_TASK INSTRUCTIONS_
The copy you return must match the listing word for word and carry no pictures.

_DATA SHOWN_
· · · ·
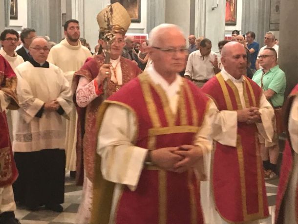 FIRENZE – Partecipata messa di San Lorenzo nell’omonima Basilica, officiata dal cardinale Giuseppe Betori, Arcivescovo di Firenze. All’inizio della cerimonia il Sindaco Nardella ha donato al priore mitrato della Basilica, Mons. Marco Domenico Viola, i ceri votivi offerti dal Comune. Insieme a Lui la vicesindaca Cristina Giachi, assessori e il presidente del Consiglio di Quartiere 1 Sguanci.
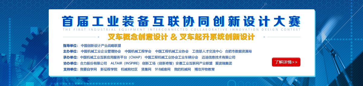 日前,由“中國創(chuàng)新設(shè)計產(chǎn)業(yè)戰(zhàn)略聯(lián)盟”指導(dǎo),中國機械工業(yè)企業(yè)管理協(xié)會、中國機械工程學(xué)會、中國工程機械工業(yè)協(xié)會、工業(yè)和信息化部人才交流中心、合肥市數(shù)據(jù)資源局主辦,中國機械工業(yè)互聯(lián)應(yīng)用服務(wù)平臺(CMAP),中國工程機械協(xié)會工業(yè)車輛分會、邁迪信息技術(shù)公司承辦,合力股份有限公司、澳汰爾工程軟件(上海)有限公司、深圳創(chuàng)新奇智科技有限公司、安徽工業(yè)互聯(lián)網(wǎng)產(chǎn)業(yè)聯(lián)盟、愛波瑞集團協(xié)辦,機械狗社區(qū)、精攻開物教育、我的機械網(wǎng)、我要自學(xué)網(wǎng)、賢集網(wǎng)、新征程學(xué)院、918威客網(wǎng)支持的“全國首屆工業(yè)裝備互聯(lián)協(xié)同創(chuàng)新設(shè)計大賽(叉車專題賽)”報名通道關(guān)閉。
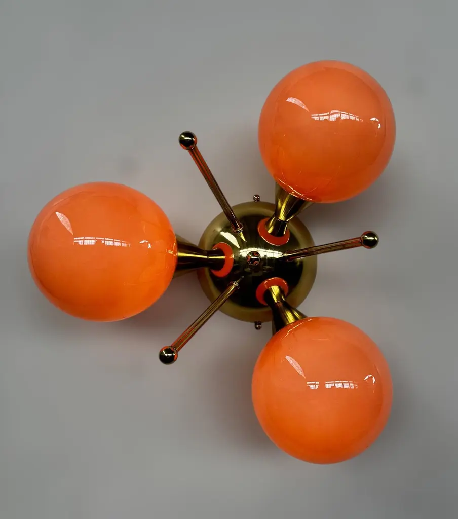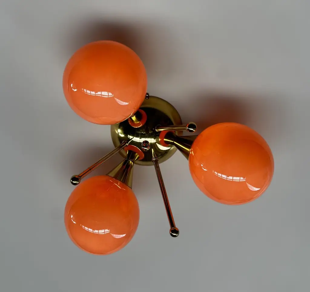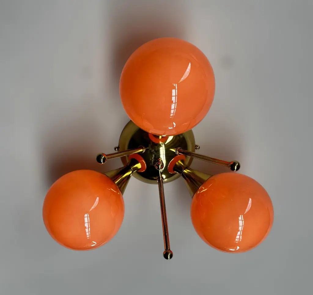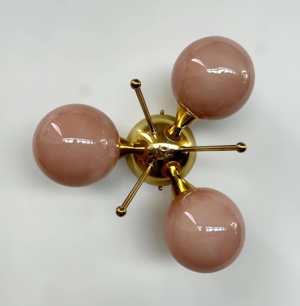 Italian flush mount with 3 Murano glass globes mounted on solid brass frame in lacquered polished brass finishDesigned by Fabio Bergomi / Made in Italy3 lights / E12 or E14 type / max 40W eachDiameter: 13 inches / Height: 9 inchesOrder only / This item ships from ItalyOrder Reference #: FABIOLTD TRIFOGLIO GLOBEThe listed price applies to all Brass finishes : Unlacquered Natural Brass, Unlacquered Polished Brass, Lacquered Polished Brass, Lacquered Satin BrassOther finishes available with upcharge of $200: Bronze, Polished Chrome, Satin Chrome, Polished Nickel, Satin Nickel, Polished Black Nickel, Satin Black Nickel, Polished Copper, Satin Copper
· · · ·
_RESPONSE BELOW_
 FIRENZE – Partecipata messa di San Lorenzo nell’omonima Basilica, officiata dal cardinale Giuseppe Betori, Arcivescovo di Firenze. All’inizio della cerimonia il Sindaco Nardella ha donato al priore mitrato della Basilica, Mons. Marco Domenico Viola, i ceri votivi offerti dal Comune. Insieme a Lui la vicesindaca Cristina Giachi, assessori e il presidente del Consiglio di Quartiere 1 Sguanci.
 日前,由“中國創(chuàng)新設(shè)計產(chǎn)業(yè)戰(zhàn)略聯(lián)盟”指導(dǎo),中國機械工業(yè)企業(yè)管理協(xié)會、中國機械工程學(xué)會、中國工程機械工業(yè)協(xié)會、工業(yè)和信息化部人才交流中心、合肥市數(shù)據(jù)資源局主辦,中國機械工業(yè)互聯(lián)應(yīng)用服務(wù)平臺(CMAP),中國工程機械協(xié)會工業(yè)車輛分會、邁迪信息技術(shù)公司承辦,合力股份有限公司、澳汰爾工程軟件(上海)有限公司、深圳創(chuàng)新奇智科技有限公司、安徽工業(yè)互聯(lián)網(wǎng)產(chǎn)業(yè)聯(lián)盟、愛波瑞集團協(xié)辦,機械狗社區(qū)、精攻開物教育、我的機械網(wǎng)、我要自學(xué)網(wǎng)、賢集網(wǎng)、新征程學(xué)院、918威客網(wǎng)支持的“全國首屆工業(yè)裝備互聯(lián)協(xié)同創(chuàng)新設(shè)計大賽(叉車專題賽)”報名通道關(guān)閉。
 Italian flush mount with 3 Murano glass globes mounted on solid brass frame in lacquered polished brass finishDesigned by Fabio Bergomi / Made in Italy3 lights / E12 or E14 type / max 40W eachDiameter: 13 inches / Height: 9 inchesOrder only / This item ships from ItalyOrder Reference #: FABIOLTD TRIFOGLIO GLOBEThe listed price applies to all Brass finishes : Unlacquered Natural Brass, Unlacquered Polished Brass, Lacquered Polished Brass, Lacquered Satin BrassOther finishes available with upcharge of $200: Bronze, Polished Chrome, Satin Chrome, Polished Nickel, Satin Nickel, Polished Black Nickel, Satin Black Nickel, Polished Copper, Satin Copper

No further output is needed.